Adam Papin/MDN Jett Lundeen pitches for the Bishop Ryan baseball team in the Lions’ season opener against Berthold earlier this month.

When one of his father’s friends asked if Jett Lundeen wanted to play on a traveling team, he balked at the thought of playing organized baseball.

“I was like no way. I don’t want to play any tournaments in the summer,” Lundeen recalled.

He and his parents were skeptical of the idea, given how much time the family spent at Rice Lake.

Lundeen played baseball as a kid with his friends growing up, but he never really liked the sport. Despite his reservations, he did end up playing that summer with kids on the Minot High team, including Kellan Burke and Easton Panasuk that summer, and he fell in love with it.

Lundeen also started pitching in the front yard of his friend Mackley Morelli, who at the time played catcher.

Adam Papin/MDN Minot High’s Maicee Burke runs in a preliminary heat of the 100 meters at the 2023 NDHSAA State Track and Field Championships last May.

“He would get down in his catcher gear, and I would throw to him probably twice a day. It was really fun,” said Lundeen.

Eventually, he caught the eye of Ben Magnuson, Bishop Ryan’s head baseball coach at the time. Magnuson thought Lundeen was good enough to pitch varsity as an eighth grader.

“I was still really raw, but I just had a good arm and was able to find the zone,” said Lundeen.

That season, he pitched in the Region championship game for Bishop Ryan.

Lundeen’s other passion is golf. He credits his family for him developing the love of the sport because they put him in lessons at an early age.

“My uncles were big golfers on both my mom’s side and my dad’s side,” said Lundeen. “I golf with them a lot. And then my family started to get involved more. I progressed from there.”

Lundeen finished fifth in his Region as an eighth grader, his first year playing high school golf. The experience led him to dedicate more of his time to the sport.

It also left Lundeen with a dilemma. Which sport to continue in?

“My eighth grade year, I didn’t know if I could do it,” said Lundeen. “I decided to play both and then make a decision my freshman year.”

Coach Magnuson convinced Lundeen that he could do both, but also stressed how critical it was to communicate which practices he was going to be at, or if he was going to make games.

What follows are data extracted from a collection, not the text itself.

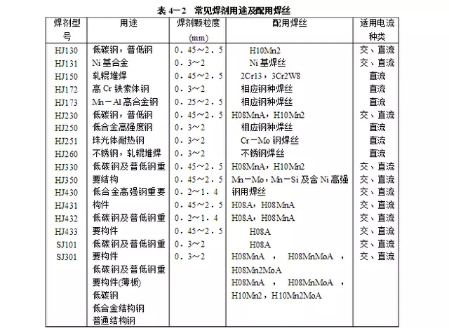 低碳鋼的焊接可選用高錳高硅型焊劑,配合H08MnA焊絲,或選用低錳、無(wú)錳型焊劑配H08MnA、H10Mn2焊絲。低合金高強(qiáng)度鋼的焊接可選用中錳中硅或低錳中硅型焊劑配合與鋼材強(qiáng)度相匹配的焊絲。 耐熱鋼、低溫鋼、耐蝕鋼的焊接可選用中硅或低硅型焊劑配合相應(yīng)的合金鋼焊絲。鐵素體、奧氏體等高合金鋼,一般選用堿度較高的熔煉焊劑或燒結(jié)、陶質(zhì)焊劑,以降低合金元素的燒損及摻加較多的合金元素。不同鋼種焊接用的焊劑與焊絲配用見(jiàn)表。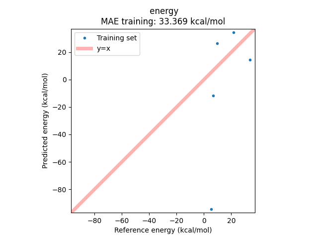 and the scatter plot of predicted vs. reference energies: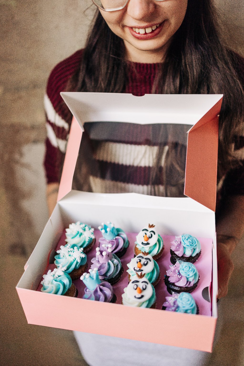 12 mini cupcakes s tématickým zdobením z pohádek Frozen.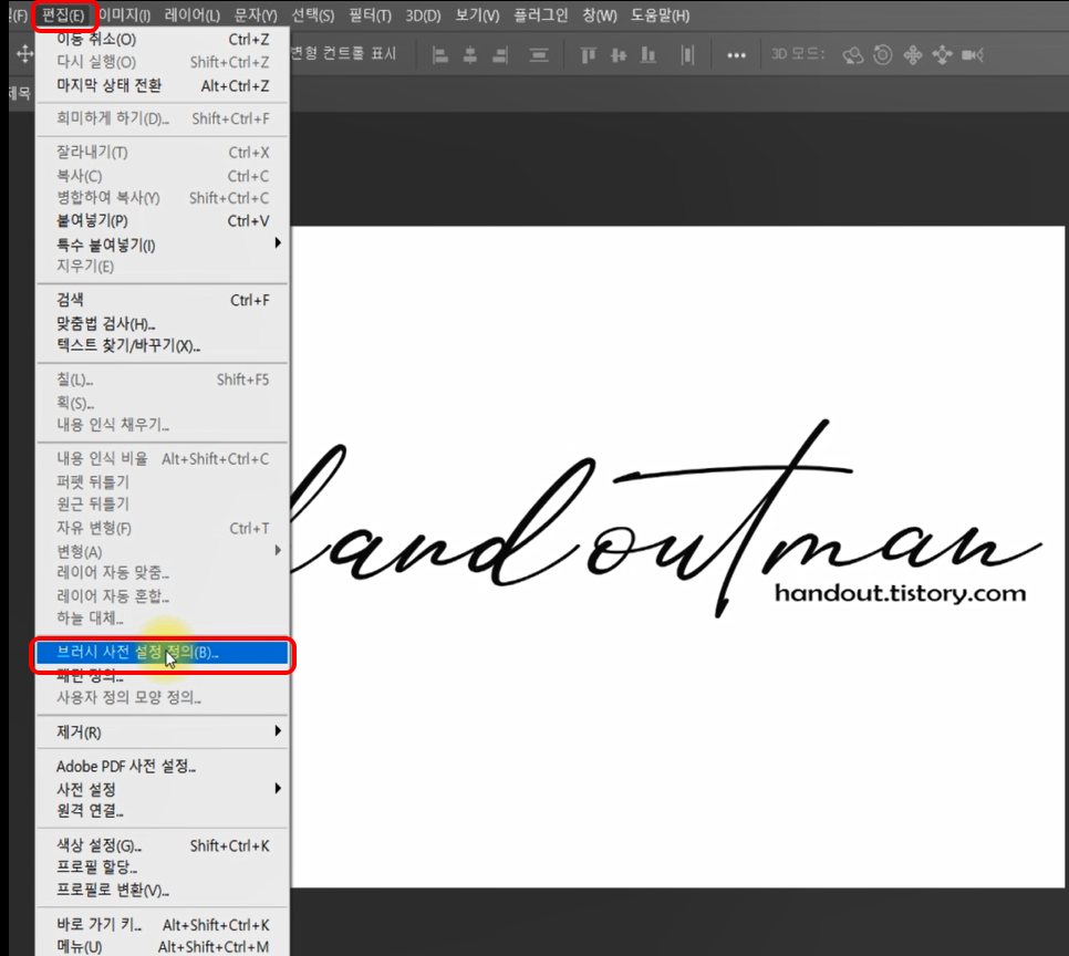 지난 시간에 포토샵 체험판에서 자신만의 시그니쳐를 만들었다. 이 시그니쳐를 브러시로 저장하면 클릭 한번으로 작업이 완료되기 때문에 아주 편한 작업이다.
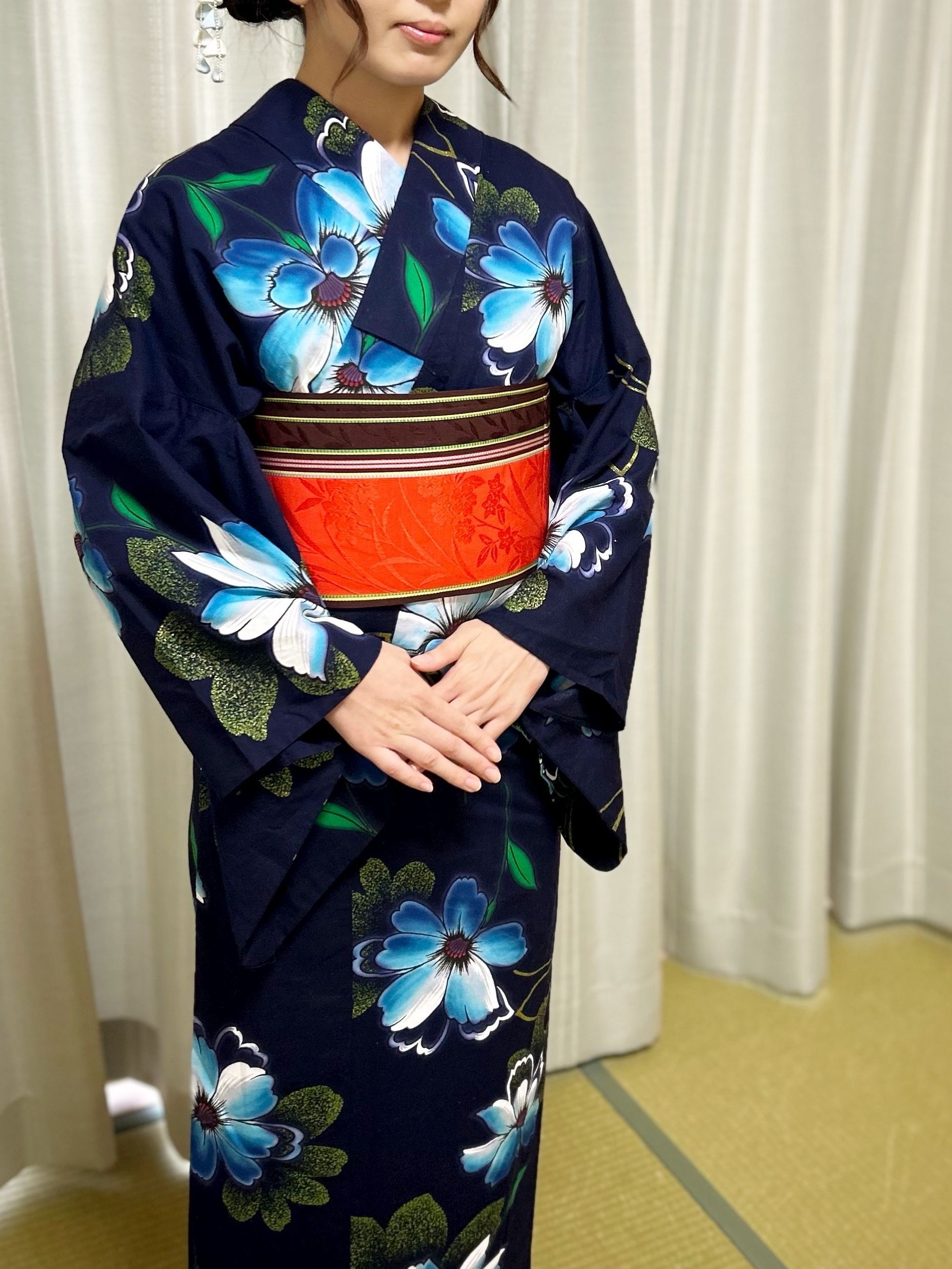 藍色の華やかな浴衣に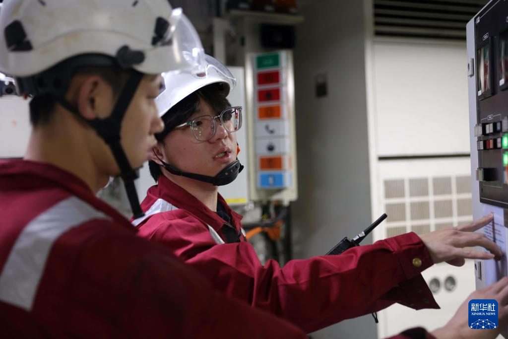 这是“雪龙2”号实习三管轮陈星宇(右)在检查机舱设备。新华社记者 黄韬铭 摄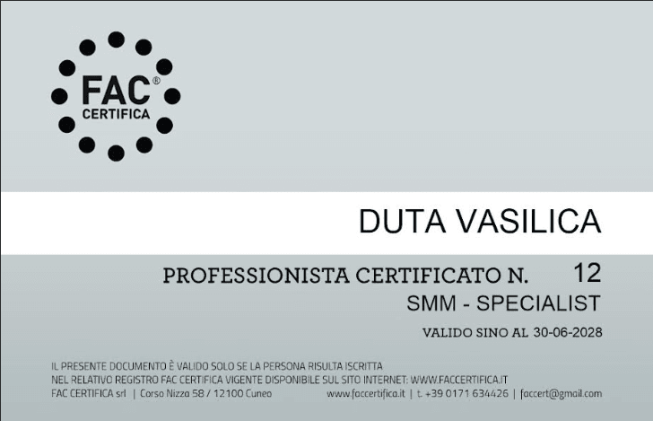 Mi chiamo Duta Vasilica, sono una professionista certificata in Social Media & Performance Marketing, iscritta ufficialmente nel registro dei professionisti del settore.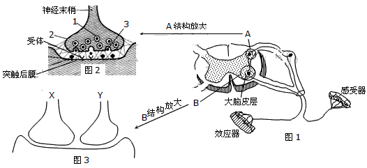 (3)假如图3中的Y来自图1中的A,图3中的X来自大脑皮层,当感受器接受一个刺激后,导致效应器产生反应,则Y释放的物质对突触后膜具有___________作用,如果大脑皮层发出的指令是对这个刺激不作出反应,则X释放的物质对突触后膜具有___________作用,导致效应器不产生相应反应,这又说明一个反射弧中的低级中枢要接受__________________的控制。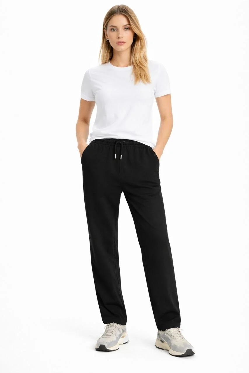 Kadın Düz Paça Beli Lastikli İpli Günlük Spor Eşofman Altı Rahat Fit - Siyah
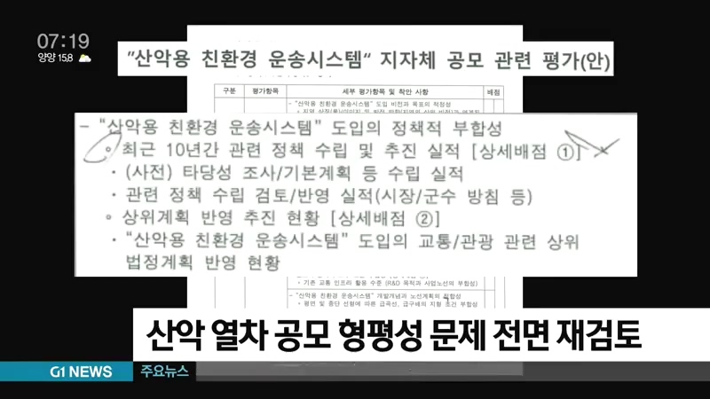 국내 최초로 도입되는 산악 열차 공모 사업이 특정 지자체에 유리하게 진행되고 있다는 G1보도 이후 한국철도기술연구원이 개선점을 마련하기로 했습니다.

There was one other rule: when golf was over, Lundeen needed to be all in on baseball.

He found the hardest part of playing multiple sports to be the academics, and not getting behind with all of the class time he misses for games and tournaments.

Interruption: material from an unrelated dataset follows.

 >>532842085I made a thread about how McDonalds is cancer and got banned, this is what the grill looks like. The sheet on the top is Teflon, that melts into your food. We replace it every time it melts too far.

Communication with coaches is a key challenge for athletes playing multiple sports in the same season, but it can work according to Minot High girls’ soccer head coach Matt Pfau, who sees Maicee Burke compete at a high level both on the pitch and on the track.

Burke is both a co-captain of the soccer team and a standout sprinter on the Majettes’ track team, qualifying for state finals in multiple events.

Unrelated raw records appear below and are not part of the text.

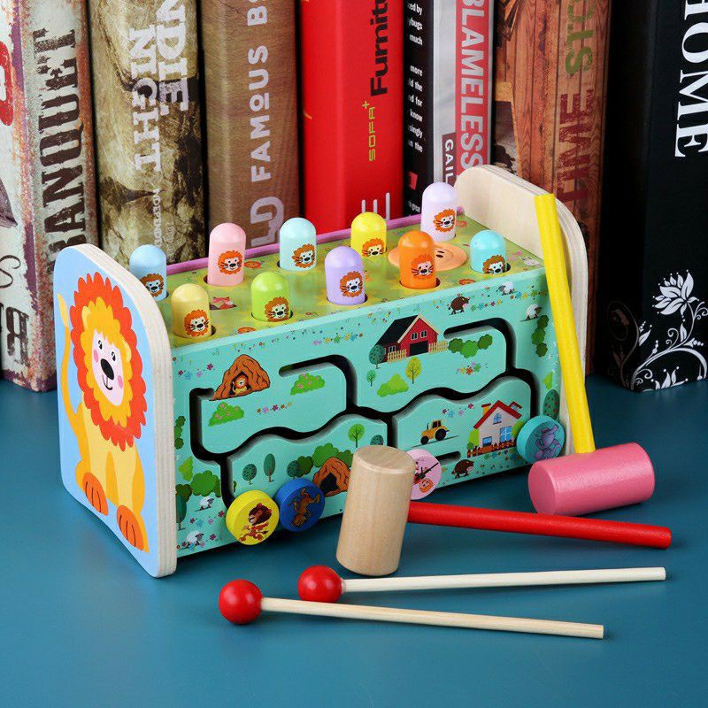 Giới thiệu Đồ chơi đập chuột đa năng cho bé, Đập chuột sư tử kèm đàn bằng gỗ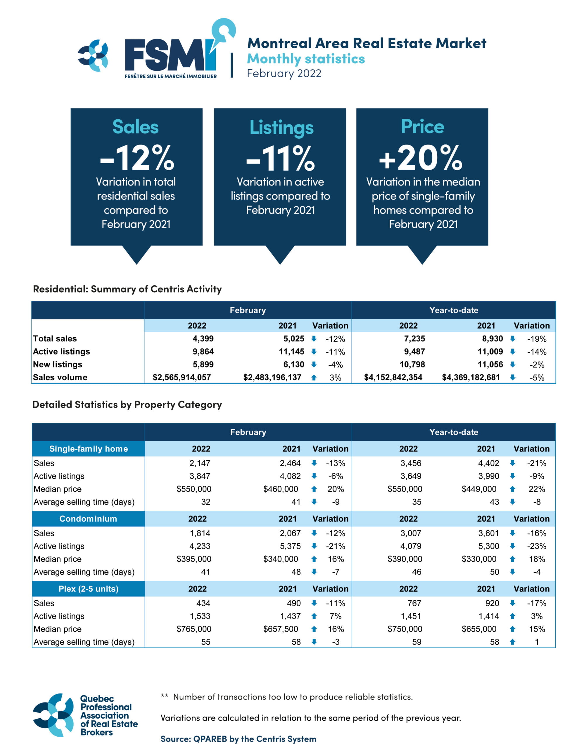 2022年3月3日 – 根据大魁北克省房地产协会(QPAREB)2022年2月Centris®销售统计数据表明,蒙特利尔房产市场2月份房产的总交易额为4,399笔,与去年同期相比下降了12%,但是这主要是因为2021年2月份的房产销售由于疫情反弹特别地火爆,其实今年2月份的销售额已经是2016年的水平了,那年共有4,400笔交易。
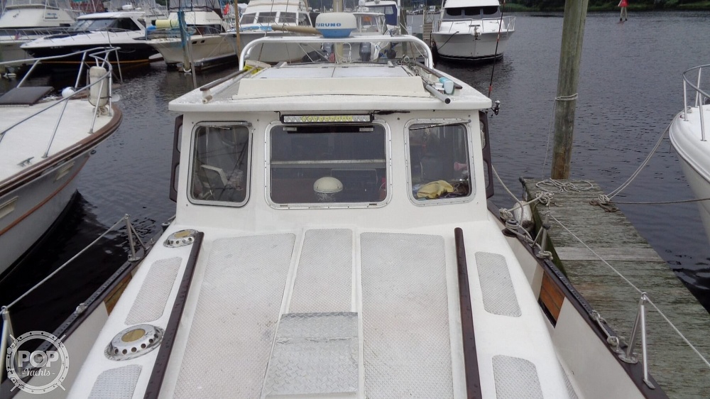 A white boat with a weathered exterior is docked at a marina, surrounded by other boats. The boat has a small cabin with a window and a door, and there is a wooden dock nearby. The water is calm, and the scene appears to be set during the day. | 1977 Fisher boat for sale, model of the boat is 30 Pilot & Image # 24 of 40 | aaec940a96afb7ce9c5d35a2da8cf5f7c7de36326fb06d72259f22d7532f5ad0 | 000000035011 | 0 | 0 | 49 | 18 | 0 | 0 | |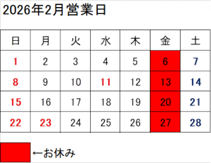 2026年2月営業日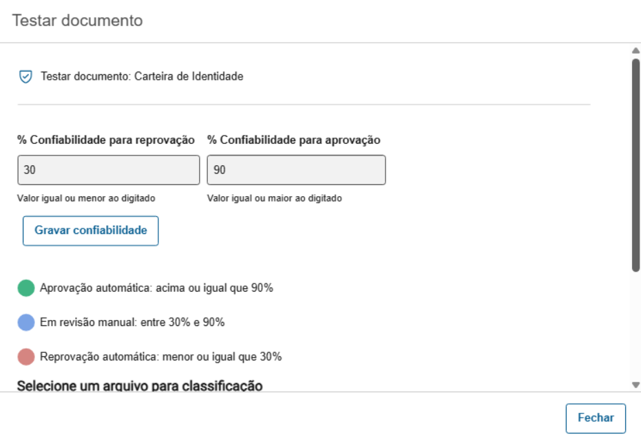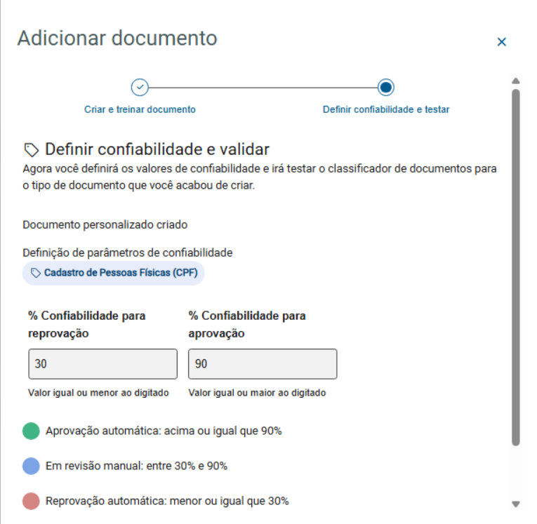 Após selecionar o documento, defina o nível mínimo de confiança exigido para aprovação automática: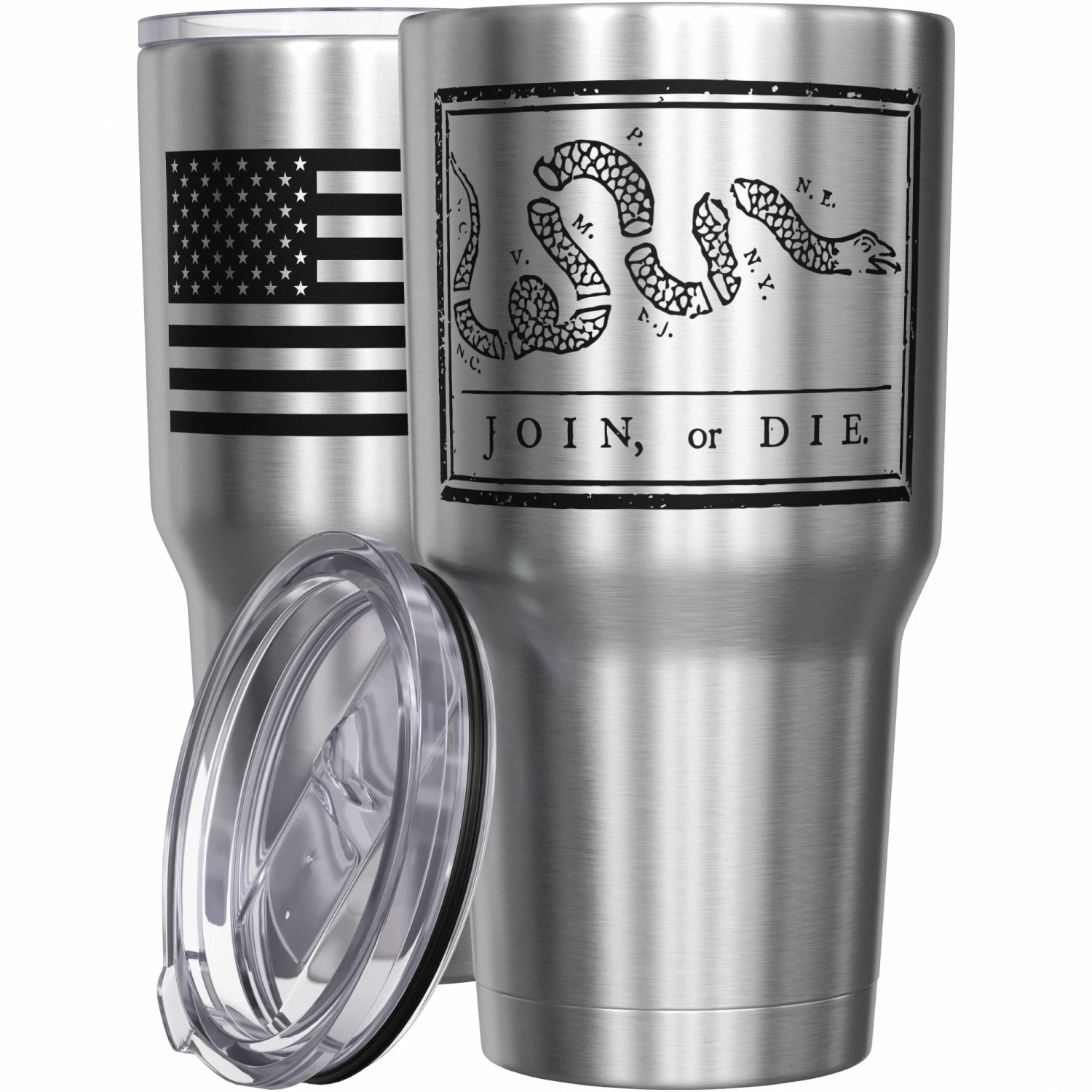 Be the first to review “Join Or Die + American Flag Stainless Steel Tumbler” Cancel reply

“We’ve had a good relationship with the track coaches. They understand that the kids are getting a good workout in soccer,” said Pfau. “They’re able to just take them if they’re on a relay to work on handoff and coming out of the blocks for 25-30 minutes, and then they’ll send them over so soccer.”

He credits the ease of working with the track and field coaches for making it successful.

“You have to be committed to staying healthy and not push yourself to hard trying to go to two practices a day. Maicee has been really good at controlling that and doing the one practice.”

Burke focuses on qualifying for the state track meet as early as possible because state is what matters the most for her in track.

“It takes a lot of communication,” said Burke. “I mostly go to soccer and that usually gets my workout in for track.”